▶ Exercise details:
From the entries below, copy every line holding the word "Association".

——————————

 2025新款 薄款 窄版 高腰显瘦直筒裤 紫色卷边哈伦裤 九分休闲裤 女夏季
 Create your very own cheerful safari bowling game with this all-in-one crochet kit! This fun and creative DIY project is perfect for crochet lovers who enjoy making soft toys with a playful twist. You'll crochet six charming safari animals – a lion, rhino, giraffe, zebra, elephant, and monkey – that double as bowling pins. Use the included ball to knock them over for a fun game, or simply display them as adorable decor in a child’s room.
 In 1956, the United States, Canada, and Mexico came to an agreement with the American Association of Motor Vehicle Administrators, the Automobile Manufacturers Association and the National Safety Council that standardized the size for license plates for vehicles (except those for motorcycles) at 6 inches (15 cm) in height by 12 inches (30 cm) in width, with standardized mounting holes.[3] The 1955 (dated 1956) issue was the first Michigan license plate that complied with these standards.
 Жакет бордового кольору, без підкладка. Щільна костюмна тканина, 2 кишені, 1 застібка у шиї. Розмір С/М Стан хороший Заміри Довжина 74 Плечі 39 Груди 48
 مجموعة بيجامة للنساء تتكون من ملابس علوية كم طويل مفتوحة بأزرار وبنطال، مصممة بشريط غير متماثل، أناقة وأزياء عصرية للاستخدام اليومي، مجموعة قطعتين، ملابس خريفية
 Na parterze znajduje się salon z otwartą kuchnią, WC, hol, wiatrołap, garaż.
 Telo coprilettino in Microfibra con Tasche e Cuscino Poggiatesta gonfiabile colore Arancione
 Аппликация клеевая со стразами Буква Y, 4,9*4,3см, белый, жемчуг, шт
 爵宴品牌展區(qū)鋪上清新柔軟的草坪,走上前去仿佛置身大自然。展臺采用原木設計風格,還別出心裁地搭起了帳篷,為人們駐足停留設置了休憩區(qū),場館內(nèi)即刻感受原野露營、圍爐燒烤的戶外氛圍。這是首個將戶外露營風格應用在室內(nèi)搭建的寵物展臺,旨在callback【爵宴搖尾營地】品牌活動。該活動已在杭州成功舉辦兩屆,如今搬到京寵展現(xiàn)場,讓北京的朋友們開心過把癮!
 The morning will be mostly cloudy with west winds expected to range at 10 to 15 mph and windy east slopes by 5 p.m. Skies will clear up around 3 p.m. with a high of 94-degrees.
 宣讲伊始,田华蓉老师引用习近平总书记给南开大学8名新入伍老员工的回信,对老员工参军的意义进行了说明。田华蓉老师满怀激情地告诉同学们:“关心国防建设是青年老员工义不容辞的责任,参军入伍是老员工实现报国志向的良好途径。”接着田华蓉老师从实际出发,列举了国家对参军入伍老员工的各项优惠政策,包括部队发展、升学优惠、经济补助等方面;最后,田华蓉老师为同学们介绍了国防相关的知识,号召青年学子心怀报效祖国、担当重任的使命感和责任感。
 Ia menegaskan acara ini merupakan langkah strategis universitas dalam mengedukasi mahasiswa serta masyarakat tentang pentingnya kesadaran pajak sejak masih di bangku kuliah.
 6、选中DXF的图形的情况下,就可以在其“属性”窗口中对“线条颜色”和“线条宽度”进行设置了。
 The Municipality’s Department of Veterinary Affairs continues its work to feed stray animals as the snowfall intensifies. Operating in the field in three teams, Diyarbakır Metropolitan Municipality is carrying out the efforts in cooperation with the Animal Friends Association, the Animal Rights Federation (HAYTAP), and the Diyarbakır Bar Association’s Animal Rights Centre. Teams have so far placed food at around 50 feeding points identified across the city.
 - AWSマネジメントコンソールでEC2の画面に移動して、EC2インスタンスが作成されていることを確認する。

——————————

▶ Response to this exercise:
 In 1956, the United States, Canada, and Mexico came to an agreement with the American Association of Motor Vehicle Administrators, the Automobile Manufacturers Association and the National Safety Council that standardized the size for license plates for vehicles (except those for motorcycles) at 6 inches (15 cm) in height by 12 inches (30 cm) in width, with standardized mounting holes.[3] The 1955 (dated 1956) issue was the first Michigan license plate that complied with these standards.
 The Municipality’s Department of Veterinary Affairs continues its work to feed stray animals as the snowfall intensifies. Operating in the field in three teams, Diyarbakır Metropolitan Municipality is carrying out the efforts in cooperation with the Animal Friends Association, the Animal Rights Federation (HAYTAP), and the Diyarbakır Bar Association’s Animal Rights Centre. Teams have so far placed food at around 50 feeding points identified across the city.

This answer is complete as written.